What Otomato Can (and Can’t) Do with User Funds
What Otomato Can (and Can’t) Do with User Funds
1. We Never Take Custody
Otomato is 100% self-custodial. We never have access to your funds or your private keys.
However, in order to automate your actions, you need to explicitly approve what we’re allowed to do—no more, no less. Each automation is strictly limited to the actions you authorized.
2. What Otomato Can Do (Technically)
When you use Otomato to build an automation that requires on-chain actions (i.e. transactions), you authorize us to perform those specific actions you approved. That means that Otomato can now:
Call specific smart contract functions linked to what you specifically want to automate (like
deposit()
orswap()
)Only on specific protocols you specify (like Aave or Compound)
Only with the specific tokens you specify (like USDC)
We cannot:
Transfer your funds to any wallet
Call any unapproved function
Go beyond what you explicitly allow
Our system is built on top of ERC-4337 session keys, function selectors, and call policies, which strictly enforce these boundaries. You can learn more about how it works technically in this document:
Example use cases & associated risks
3. Example Use Case: Lending Aggregator
Let’s say you build an automation to optimize your USDC lending yield between Aave and Compound. You will need to approve us to perform exactly four actions:
Deposit USDC into Aave
Withdraw USDC from Aave
Deposit USDC into Compound
Withdraw USDC from Compound
That’s it. No other action is possible.
Whenever the yield is better on one protocol, we:
Withdraw from the current one
Deposit into the better one
We can’t transfer your funds, touch your wallet, or do anything else.
🔒 Risk?
The only risk we add (on top of the existing blockchain risks you would encounter if doing the operations manually) is executing your actions at the wrong time.
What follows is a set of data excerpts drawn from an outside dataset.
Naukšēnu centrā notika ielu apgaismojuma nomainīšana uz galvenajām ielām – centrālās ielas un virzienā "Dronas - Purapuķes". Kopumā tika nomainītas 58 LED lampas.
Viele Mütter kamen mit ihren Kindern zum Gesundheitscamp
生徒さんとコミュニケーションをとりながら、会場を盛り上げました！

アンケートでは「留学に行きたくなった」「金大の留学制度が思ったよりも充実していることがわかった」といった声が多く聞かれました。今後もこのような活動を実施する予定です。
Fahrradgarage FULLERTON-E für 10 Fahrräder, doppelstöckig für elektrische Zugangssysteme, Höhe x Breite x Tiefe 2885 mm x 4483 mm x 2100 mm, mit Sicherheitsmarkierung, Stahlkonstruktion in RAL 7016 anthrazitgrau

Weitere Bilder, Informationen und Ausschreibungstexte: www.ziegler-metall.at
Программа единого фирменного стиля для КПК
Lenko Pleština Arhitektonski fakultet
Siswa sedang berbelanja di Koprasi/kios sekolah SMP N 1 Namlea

For example:
Switching protocols when yields aren’t actually better
4. Example Use Case: DCA Bitcoin
You set up a Daily Buy automation to convert USDC to BTC.
You allow us to:
Swap USDC → BTC We cannot:
Swap BTC back to USDC
Transfer your USDC or BTC elsewhere
Again, the only added risk is executing the swap at a suboptimal time (e.g., missing the daily window or executing at a poor price).
5. What About Conditional Automations?
If you tell us: “Sell BTC if the price goes above \$60,000”, we can execute the sell action only when the condition is met.
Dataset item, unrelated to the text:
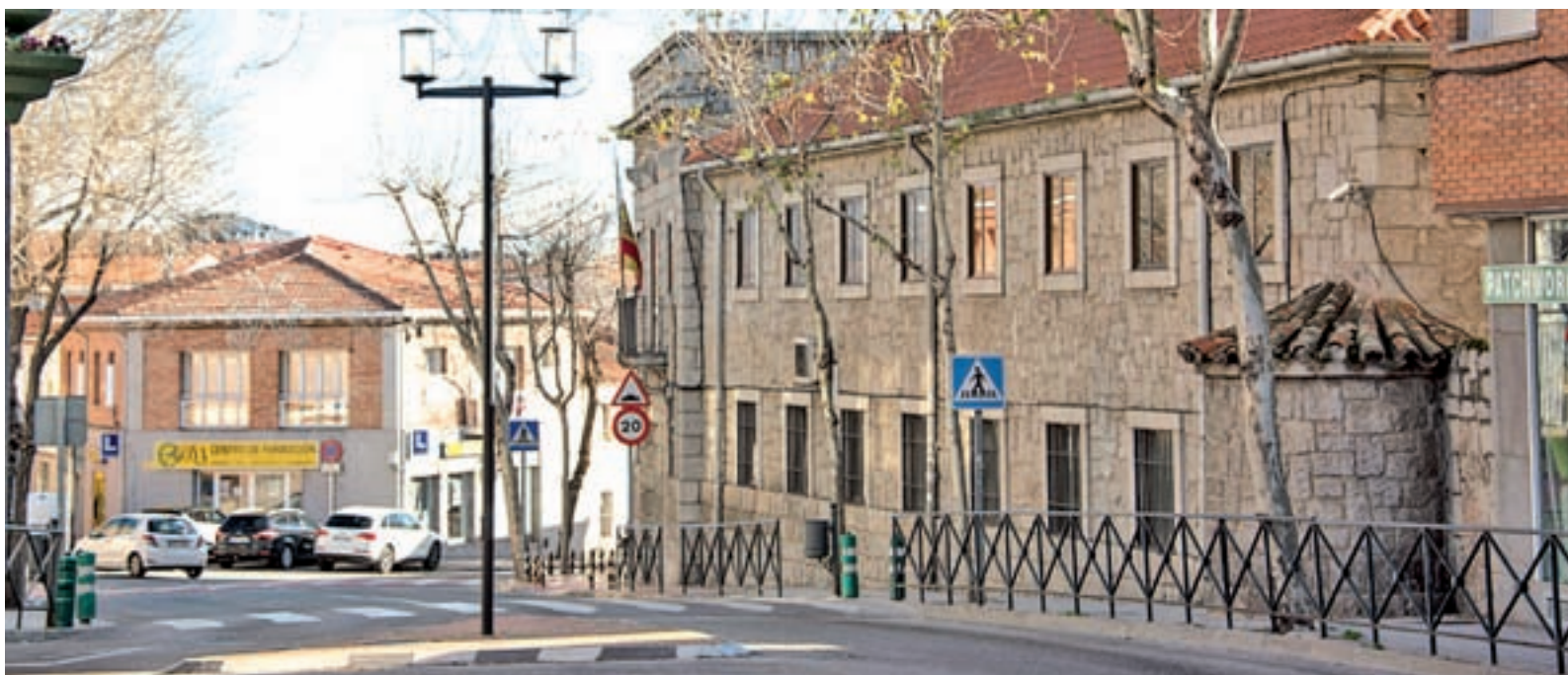
Un tramo de la avenida

The only risk? We might misread the timing:
Sell at the wrong time
Or fail to execute when you expect it
But we still can’t steal your funds.
6. Mitigation: Ensuring We Can’t Lie
We’re exploring ways to prove we executed actions only when your conditions were true—even to regulators or auditors. Potential solutions:
Decentralized execution nodes
Trusted Execution Environments (TEEs) or Zero-Knowledge Proofs to verify execution integrity
Human in the loop (the user actually is prompted to approve the on-chain actions when the automation gets triggered).
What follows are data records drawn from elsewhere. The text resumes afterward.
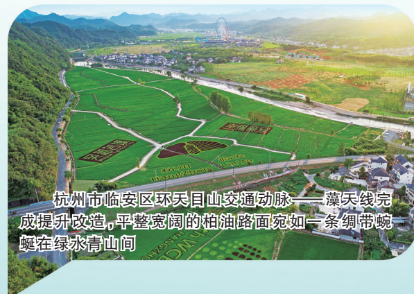
杭州市临安区环天目山交通动脉——藻天线完成提升改造，平整宽阔的柏油路面宛如一条绸带蜿蜒在绿水青山间

实践站点建设，截至今年11月底，全市123个站点实际进站青年1232人，带动2.3万名农户和246个村集体经济增收1.85亿元，城乡要素双向流动的良好格局加速形成。
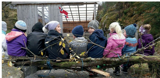
Bålsamling med gapahuken i bakgrunnen.

Hjarteleg velkommen til å vere med på bålsamlingar med Løvegjengen! Vi treng også fleire leiarar, så om du synst dette høyrrest kjekt ut, er det berre å ta kontakt!
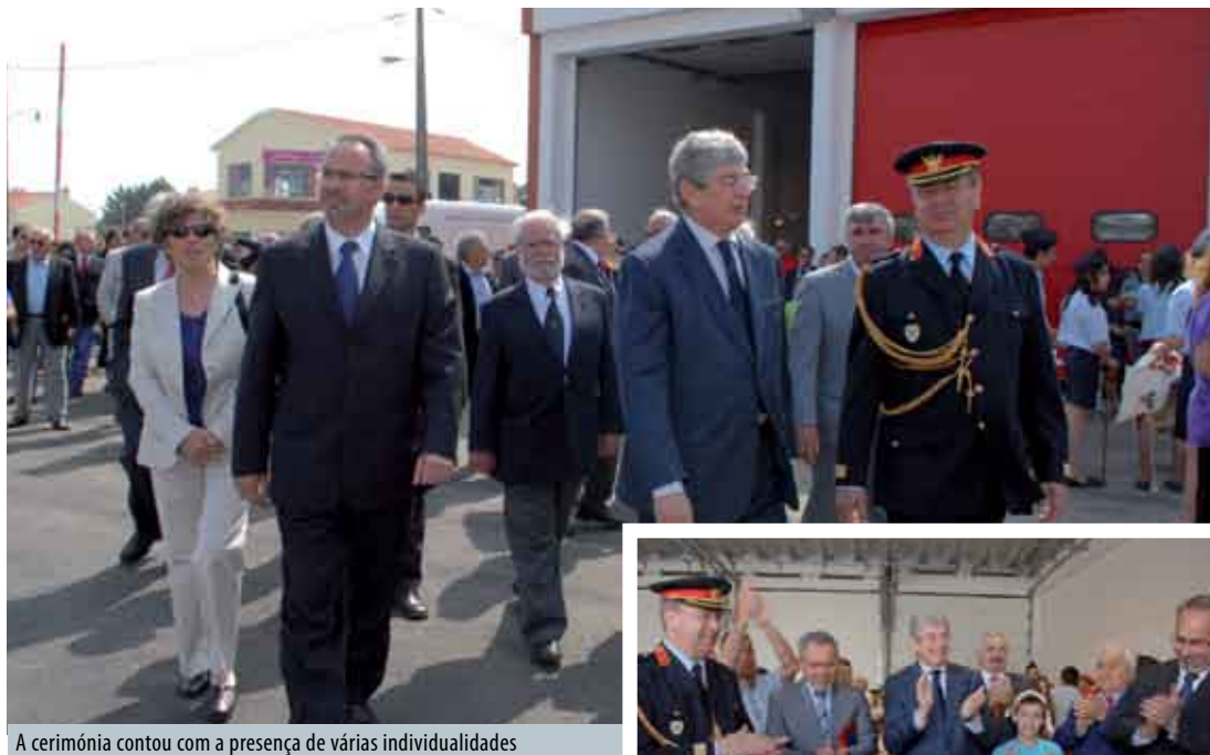
A cerimónia contou com a presença de várias individualidades

These are not our focus today, as they don’t directly improve the user experience (except human in the loop), but we’ll adopt them if they become necessary to operate legally.
7. Important Final Note
Everything above applies only to on-chain automations (actual blockchain transactions). Features like:
Notifications
AI-based decisions with human in the loop
Web2 integrations
don’t require funds access permissions and operate more like a classic web2 SaaS business.